EXERCISE:
Please retype the listing below exactly as it stands, skipping any pictures.

THE DATA:
....
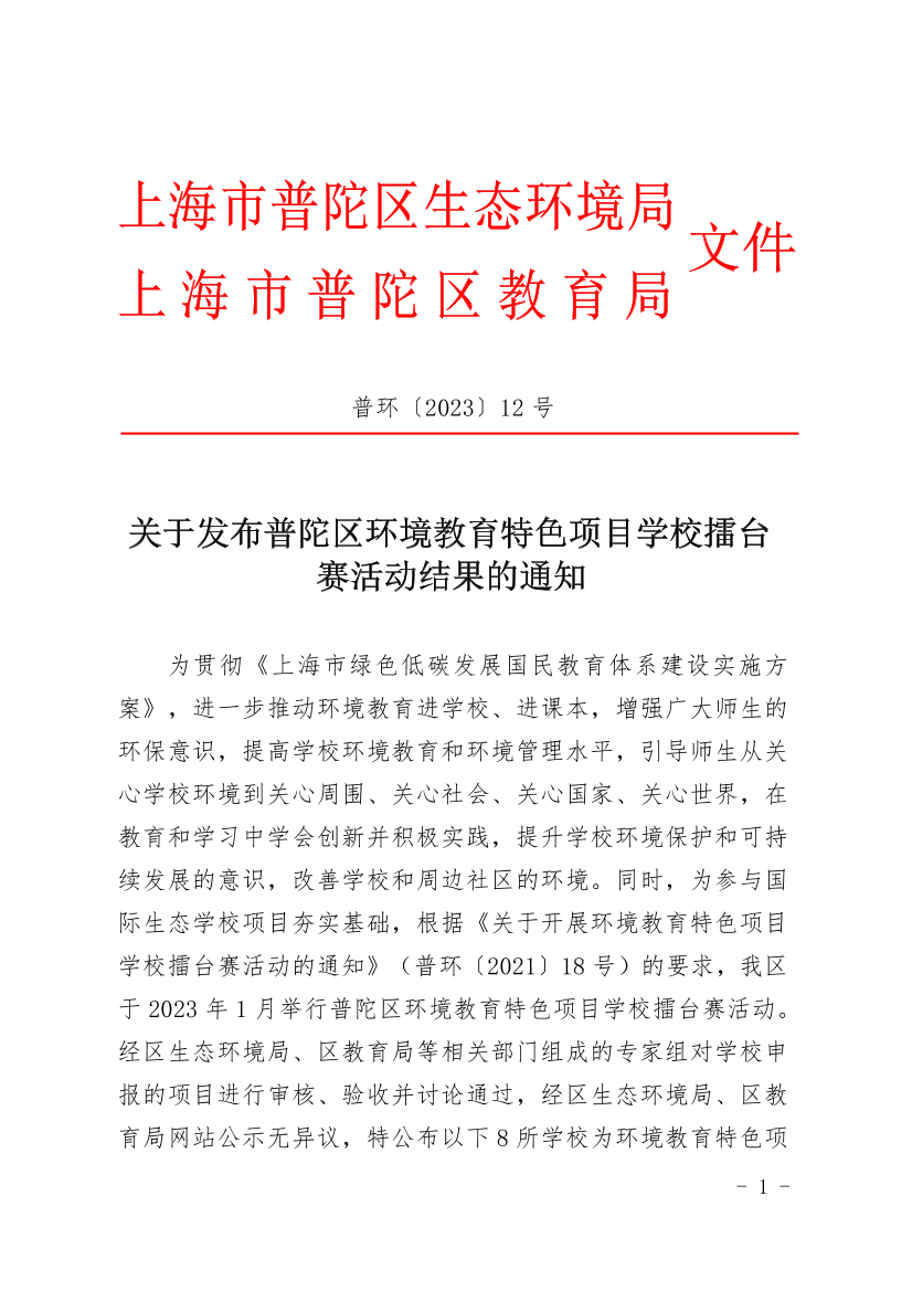 为贯彻《上海市绿色低碳发展国民教育体系建设实施方案》,进一步推动环境教育进学校、进课本,增强广大师生的环保意识,提高学校环境教育和环境管理水平,引导师生从关心学校环境到关心周围、关心社会、关心国家、关心世界,在教育和学习中学会创新并积极实践,提升学校环境保护和可持续发展的意识,改善学校和周边社区的环境。同时,为参与国际生态学校项目夯实基础,根据《关于开展环境教育特色项目学校擂台赛活动的通知》(普环〔2021〕18号)的要求,我区于2023年1月举行普陀区环境教育特色项目学校擂台赛活动。经区生态环境局、区教育局等相关部门组成的专家组对学校申报的项目进行审核、验收并讨论通过,经区生态环境局、区教育局网站公示无异议,特公布以下8所学校为环境教育特色项目学校(排名不分先后):
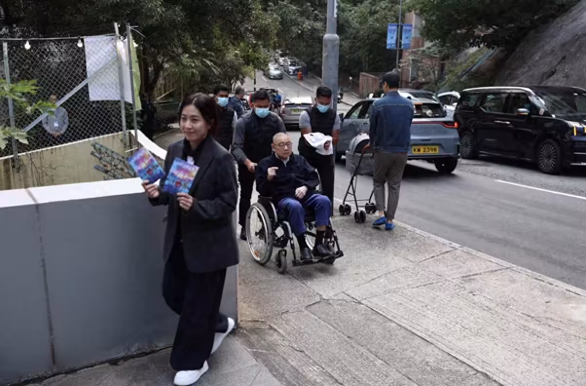 74歲劉鑾雄坐輪椅現身,需甘比攙扶起身,保鏢助理共五人相伴在旁
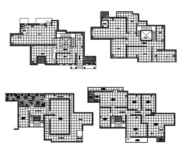 Shopping center floor plan in DWG file which includes detail of first-floor plan, second-floor plan, third-floor plan, fourth-floor plan, etc.
....
REPLY:
 为贯彻《上海市绿色低碳发展国民教育体系建设实施方案》,进一步推动环境教育进学校、进课本,增强广大师生的环保意识,提高学校环境教育和环境管理水平,引导师生从关心学校环境到关心周围、关心社会、关心国家、关心世界,在教育和学习中学会创新并积极实践,提升学校环境保护和可持续发展的意识,改善学校和周边社区的环境。同时,为参与国际生态学校项目夯实基础,根据《关于开展环境教育特色项目学校擂台赛活动的通知》(普环〔2021〕18号)的要求,我区于2023年1月举行普陀区环境教育特色项目学校擂台赛活动。经区生态环境局、区教育局等相关部门组成的专家组对学校申报的项目进行审核、验收并讨论通过,经区生态环境局、区教育局网站公示无异议,特公布以下8所学校为环境教育特色项目学校(排名不分先后):
 74歲劉鑾雄坐輪椅現身,需甘比攙扶起身,保鏢助理共五人相伴在旁
 Shopping center floor plan in DWG file which includes detail of first-floor plan, second-floor plan, third-floor plan, fourth-floor plan, etc.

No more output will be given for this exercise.